Figure 2. Innately condensed chromatin leads negative affective states and alcoholism

Animals bred for alcohol preference, such as alcohol-preferring (P) rats, display increased histone deacetylase (HDAC) activity and HDAC2 levels in the amygdala compared to non-preferring (NP) rats, leading to decreased histone acetylation around synaptic plasticity-related genes such as brain-derived neurotrophic factor (Bdnf) and activity regulated cytoskeleton-associated protein (Arc). The resultant decrease in BDNF and Arc expression contributes to decreased amygdaloid synaptic plasticity, increased anxiety-like behaviors, and increased alcohol preference. However, HDAC inhibition by trichostatin A (TSA) or specific inhibition of HDAC2 via small interfering RNA (siRNA) normalizes the histone acetylation deficits in the amgydala of P rats and also attenuates anxiety-like and alcohol drinking behaviors (Moonat et al., 2013; Sakharkar et al., 2014b).
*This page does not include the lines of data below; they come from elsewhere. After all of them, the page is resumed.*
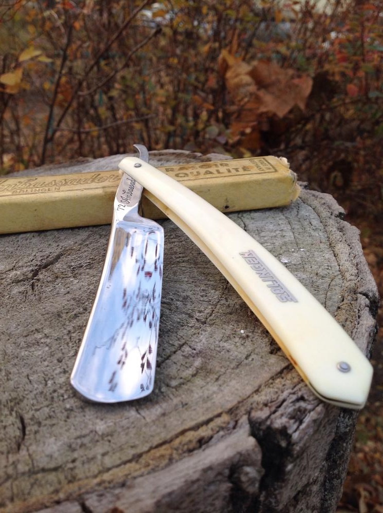 Ручка родная, в прекрасном состоянии, клинышек кость. Нижние пины от Егора. Полотно в хорошем сохране. Кромочка- ниточка! Длина режущей кромки 83 мм!!! Заточка как всегда N*X*S Spoiler Show Серьезный немец. Ширина полотна 6\8. Есть небольшие цяточки под обушком. Родной. кофр. Интересная форма. Бритье на "5+" Продана. Spoiler Show
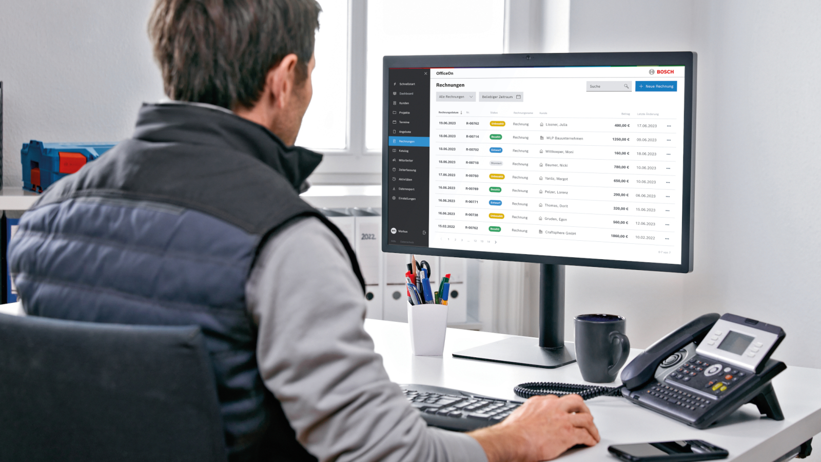 Ziel der Handwerker-Software OfficeOn von Bosch ist es, kleineren Betrieben die Büroarbeit so einfach wie möglich zu machen, sodass sie sich auf ihr Handwerk konzentrieren können. Über die Web-Anwendung können im Büro alle Aufgaben schnell und einfach erledigt werden: von der Projektplanung über Angebots- und Rechnungserstellung sowie Koordination von Terminen bis hin zur Verwaltung des Kundenstamms. Für die Erstellungen von Angeboten und Rechnungen lassen sich eigene Leistungen wie Stundenlöhne bequem anlegen und abrufen. Fremdleistungen von Großhändlern sind durch eine Schnittstelle per Datanorm und IDS ebenfalls schnell importiert und berücksichtigt. Über die normkonforme Datev-Schnittstelle können Betriebe ihre Daten außerdem direkt an den Steuerberater oder das Finanzamt übermitteln. Das spart Zeit und Geld.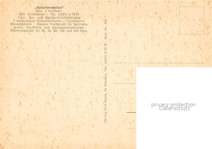 73763343 Guels Koblenz Moseltanzpalast Bar Veranstaltungsraeume postalisch nicht gelaufen Erhaltung siehe scans [WerneD78] KatCode: 11110007111000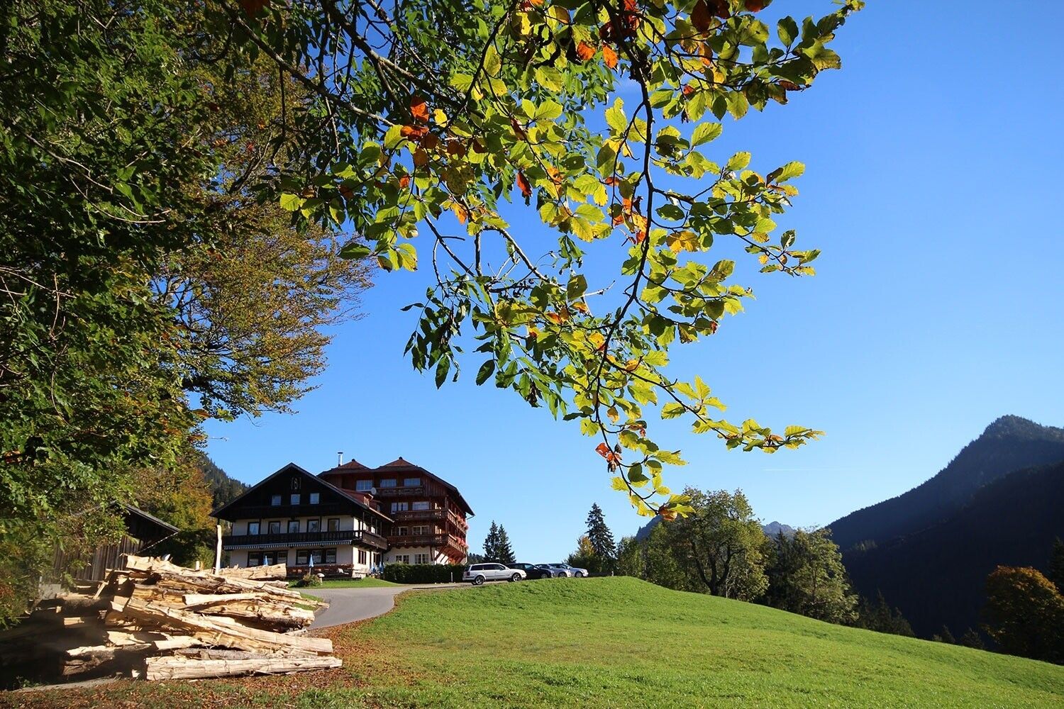 The starting point is the parking lot next to the church in Jungholz. From there, we walk past the Jungholz ski lifts and turn left onto the hiking trail towards Vorderer Sorgalpe. Passing by Sorgalpe, we continue towards Unterjoch. Through the town, always following the signs, we walk towards Schattwald. After about an hour, we reach the junction towards Hotel Rehbach. We follow this until we reach the final destination.Tip:
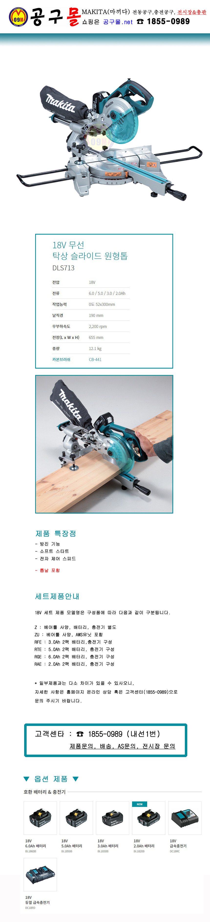 마끼다 18V 슬라이드 원형톱 DLS713Z(베어툴) 190mm 날포함, MAKITA,각도절단기, 인테리어톱, 공구몰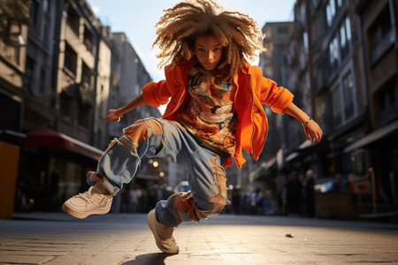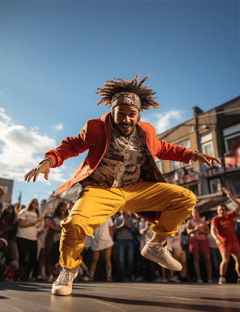 Energetic dancer performing hip hop moves in an urban setting, showing his talent and passion for street dance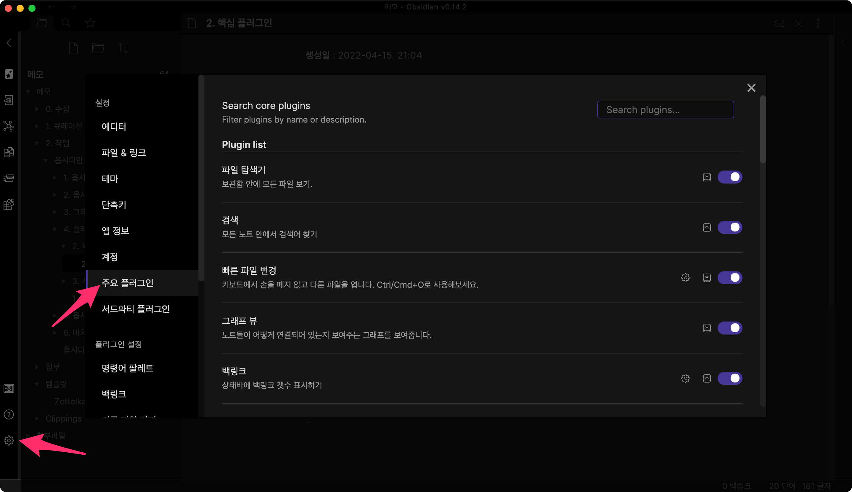 옵시디안에는 2가지 종류의 플러그인이 있습니다.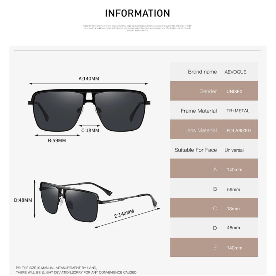 Солнцезащитные очки AEVOGUE AE0869 для мужчин и женщин, квадратные ...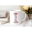I Harfli Retro Çiçekli Kupa Bardak - Patchwork Tarz Yamalı Desenli İsme Özel Kupa - Hediye 07 Beyaz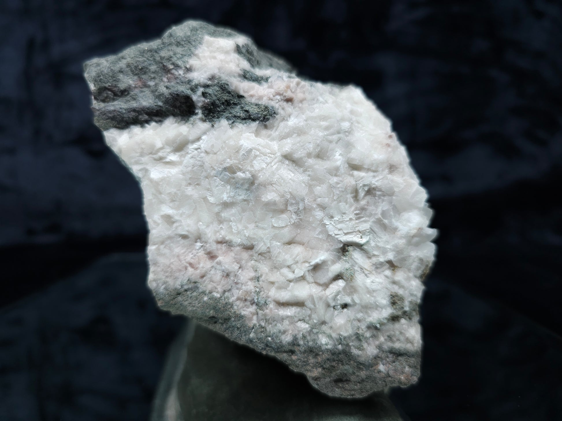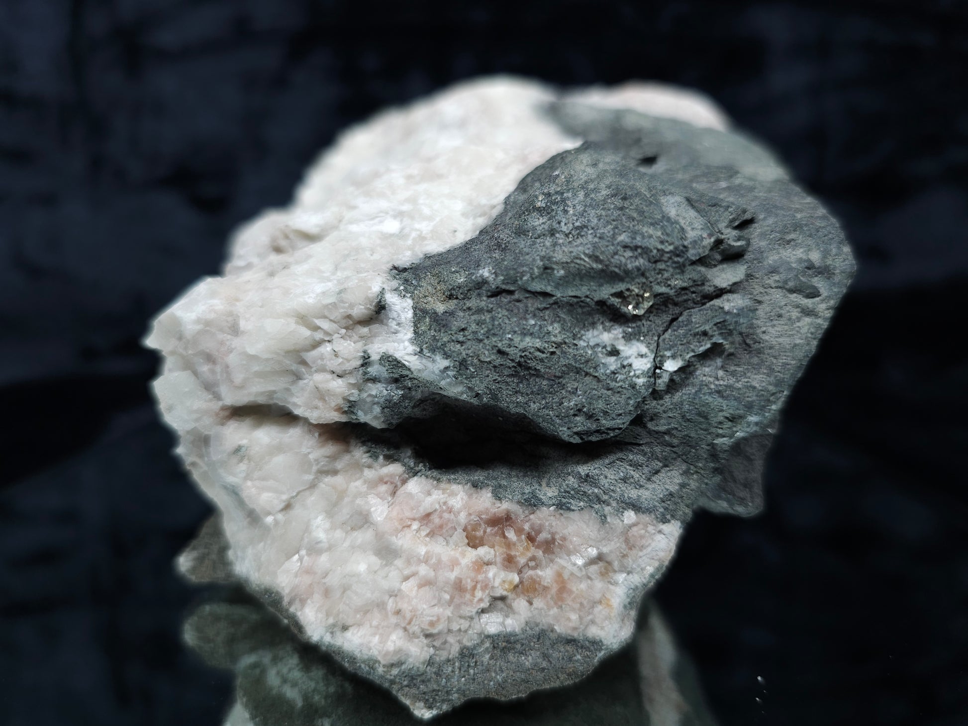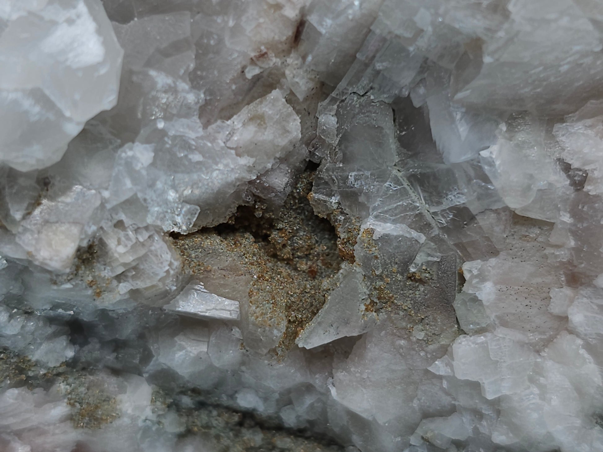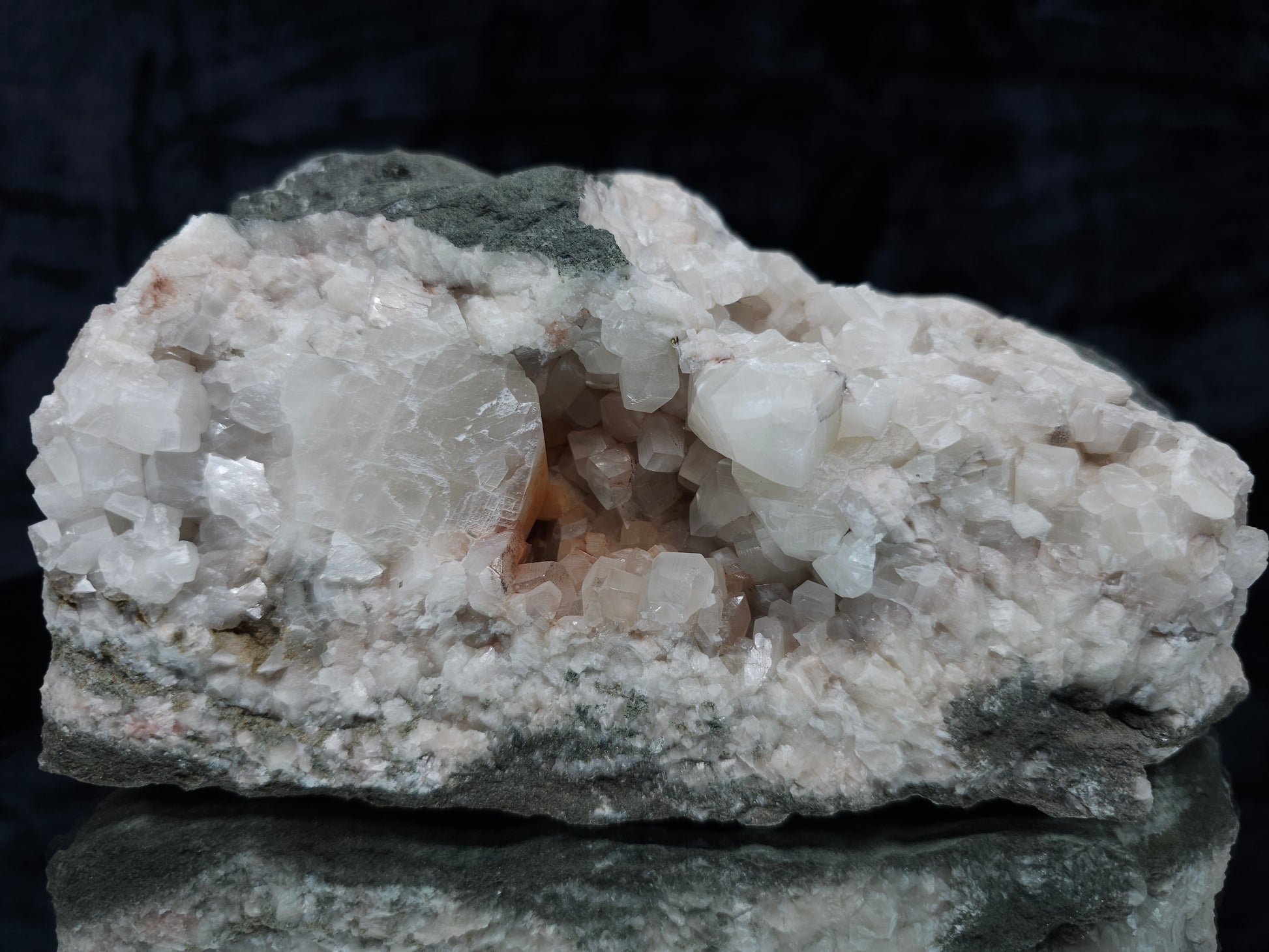 Indulge in the captivating allure of this breathtaking discovery: Feast your eyes upon the ravishing beauty of white and clear Combined form Calcite adorned with Iron oxide and Hematite inclusions, nestled among white Calcite and Sedimentary matrix, accompanied by a small Pyrite formation. Enhanced by the gentle glow of 365nm light, this specimen emanates an enchanting radiance, inviting you to immerse yourself in its natural splendor.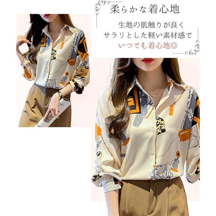 肌触り良好 柄シャツ レディース 長袖 着心地が良い エレガント ブラウス おしゃれ ストライプ 韓国 襟付き トップス きれいめ かっこいい 派手な服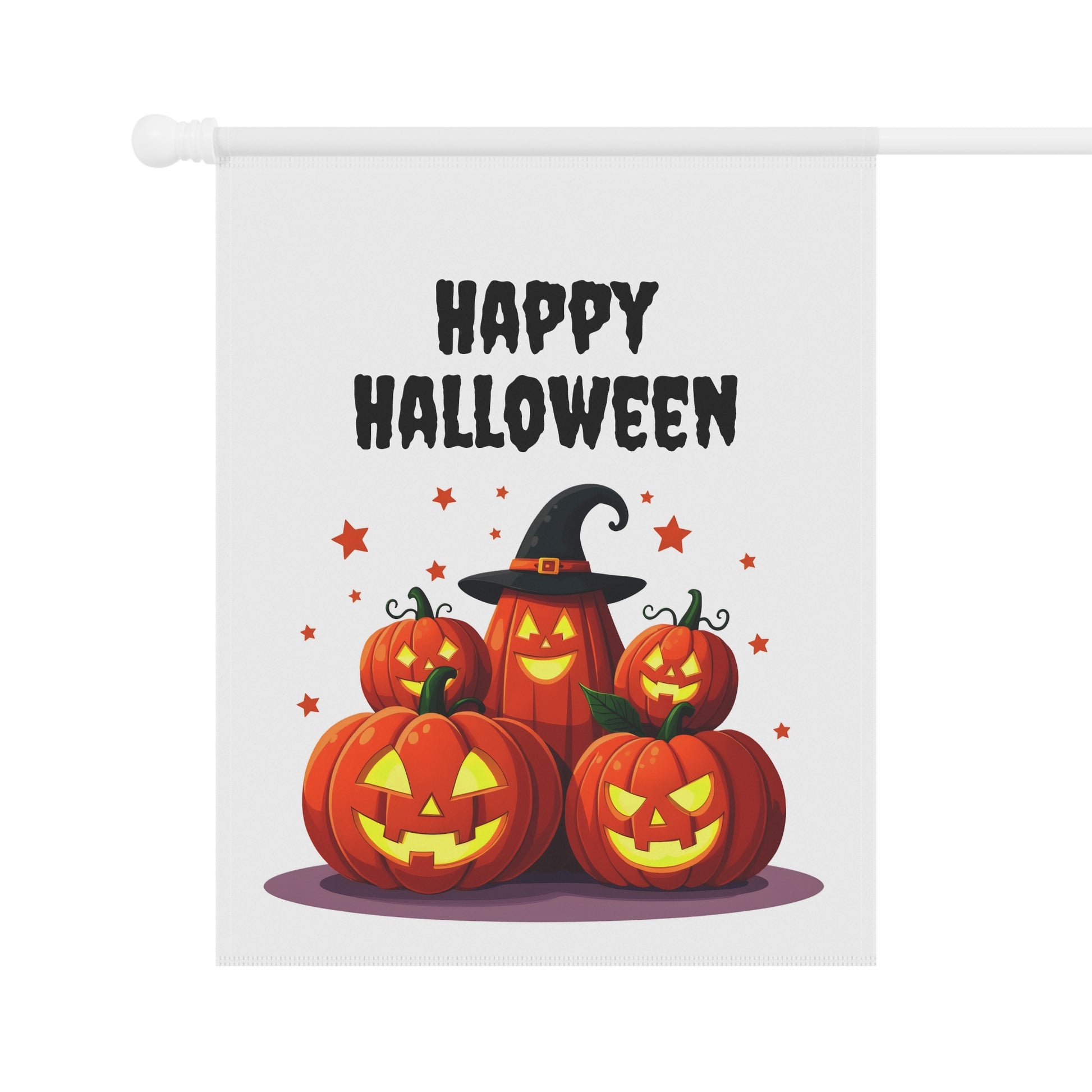 Get your yard ready for spooky season with this Happy Halloween Garden Flag! A cluster of glowing jack-o’-lanterns — one topped with a witch hat — brings playful energy to your fall décor. Whether you’re decorating for trick-or-treaters or just showing your Halloween spirit, this vibrant flag is the perfect accent.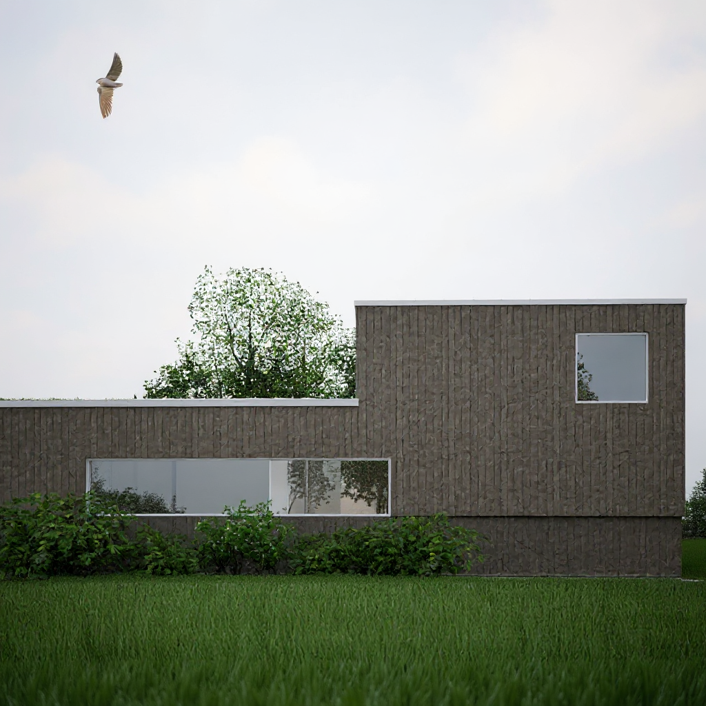 a modern laundry nook with open shelving made of warm natural wood matching the texture of the reference image the walls and floor are finished in smooth microcement microbeton creating a seamless minimalist surface integrated wooden slatted doors partially conceal a sleek black washer dryer unit soft ambient lighting neatly folded towels woven baskets and cleaning products on the shelves ultra realistic interior render high detail 8k photorealistic materials soft shadows natural color tones clean composition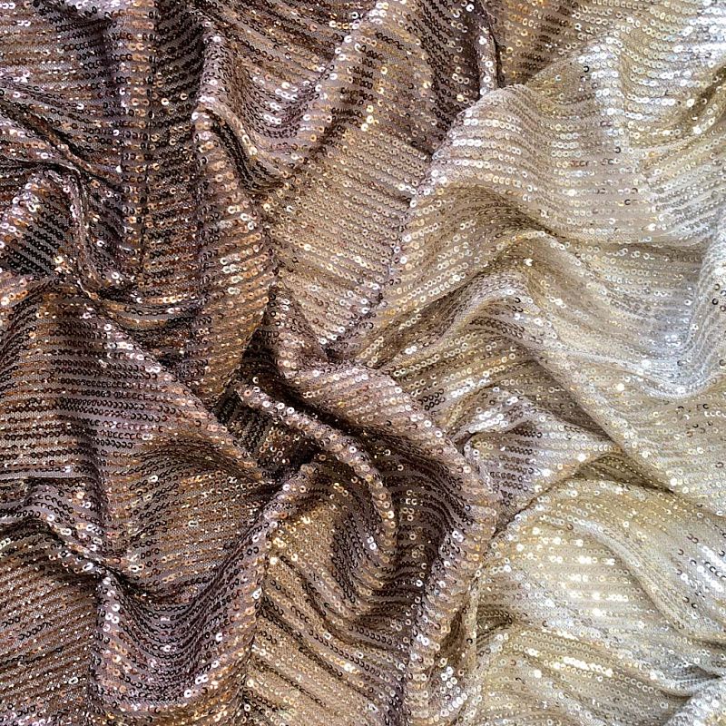 Невероятные пайетки на тонкой сетке с роскошным мерцанием мелких блесток с переходом цвета. Ткань очень хорошо драпируется, красиво переливается, имеет глянцевый блеск, пластичная и эластичная и в длину, и в ширину. Градиент расположен в направлении от кромки к кромке. Набирается объемом. Это может быть нарядное платье, Пайетки — идеальный материал для праздников и вечеринок. Из них получится эффектное платье, жакет, боди, туника, юбка или комбинезон.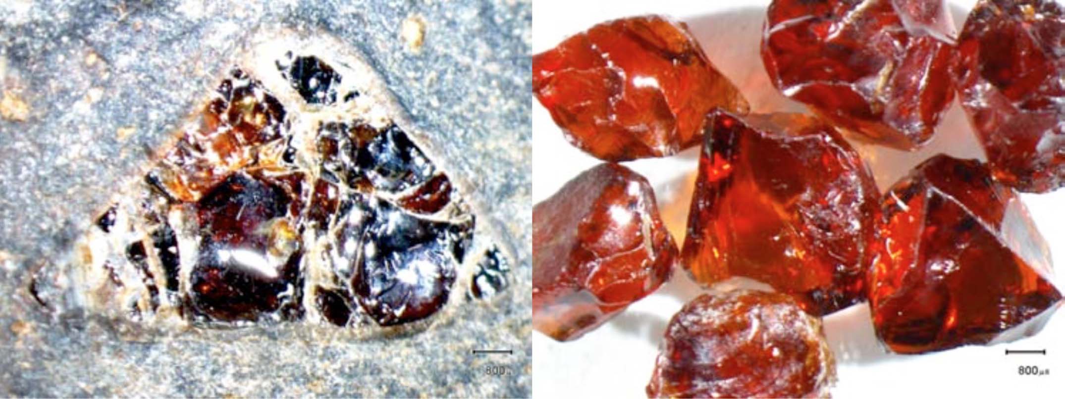 Figura 2 – Dois aspectos de granadas do Monte Suímo, o primeiro na rocha encaixante e o segundo de fragmentos de cristal soltos da rocha.

Figure 3. Alcohol exposure during development leads to persistent changes in epigenetic mechanisms in amygdala and produces long-lasting anxiety and excessive alcohol intake in adulthood

Exposure to adolescent intermittent ethanol (AIE) during this critical developmental period causes increased HDAC2 in the amygdala leading to decreased global and Bdnf- and Arc-specific histone acetylation. Decreased BDNF and Arc expression in the adult amygdala of AIE animals is accompanied by increased alcohol preference and anxiety-like behaviors. Aside from histone acetylation, lysine demethylase 1 (LSD1) and particularly the neuron-specific splice variant Lsd1+8a, are decreased in the AIE adult amygdala. This decrease is accompanied by a resultant increase in histone H3K9 dimethylation (H3K9me2) both globally and at the Bdnf exon IV promoter, possibly explaining the decreased BDNF expression seen in these rats. Thus, increased HDAC2 and decreased LSD1 associated with AIE-induced chromatin remodeling may provide novel targets for intervention in alcohol addiction and comorbid anxiety (Kyzar et al., 2016a, b; Pandey et al., 2015; Sakharkar et al., 2014a).